▸ Task requirements:
Skip the pictures and write out, word for word, the lines below from the one with "12月6日,我院后勤集团开展" through the one with "По завершении богослужения", inclusive.

━━━━━ Provided data ━━━━━

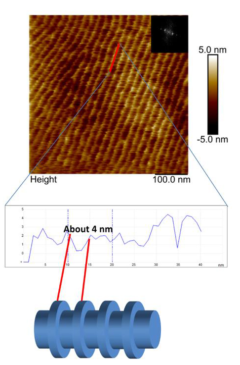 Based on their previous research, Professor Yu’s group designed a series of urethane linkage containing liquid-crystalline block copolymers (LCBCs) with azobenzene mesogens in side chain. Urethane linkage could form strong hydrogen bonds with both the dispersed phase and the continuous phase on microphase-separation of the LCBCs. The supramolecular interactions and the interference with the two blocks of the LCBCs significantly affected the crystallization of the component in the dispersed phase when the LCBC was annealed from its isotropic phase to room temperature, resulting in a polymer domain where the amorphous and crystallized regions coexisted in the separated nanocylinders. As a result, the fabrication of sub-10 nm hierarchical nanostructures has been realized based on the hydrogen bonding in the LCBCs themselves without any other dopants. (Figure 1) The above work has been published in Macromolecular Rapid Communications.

━━━━━
━━━━━ Provided data ━━━━━

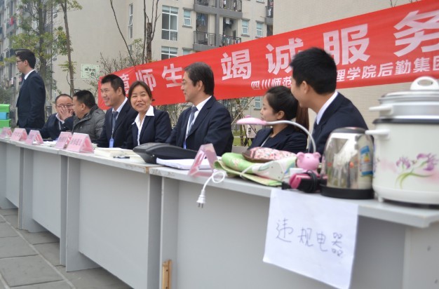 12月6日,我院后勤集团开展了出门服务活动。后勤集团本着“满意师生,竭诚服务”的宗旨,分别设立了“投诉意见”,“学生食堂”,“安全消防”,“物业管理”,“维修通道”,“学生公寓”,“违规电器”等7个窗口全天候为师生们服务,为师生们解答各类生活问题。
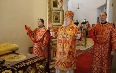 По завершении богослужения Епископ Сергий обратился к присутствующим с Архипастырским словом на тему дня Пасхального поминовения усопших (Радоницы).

━━━━━

▸ Exercise result:
 12月6日,我院后勤集团开展了出门服务活动。后勤集团本着“满意师生,竭诚服务”的宗旨,分别设立了“投诉意见”,“学生食堂”,“安全消防”,“物业管理”,“维修通道”,“学生公寓”,“违规电器”等7个窗口全天候为师生们服务,为师生们解答各类生活问题。
 По завершении богослужения Епископ Сергий обратился к присутствующим с Архипастырским словом на тему дня Пасхального поминовения усопших (Радоницы).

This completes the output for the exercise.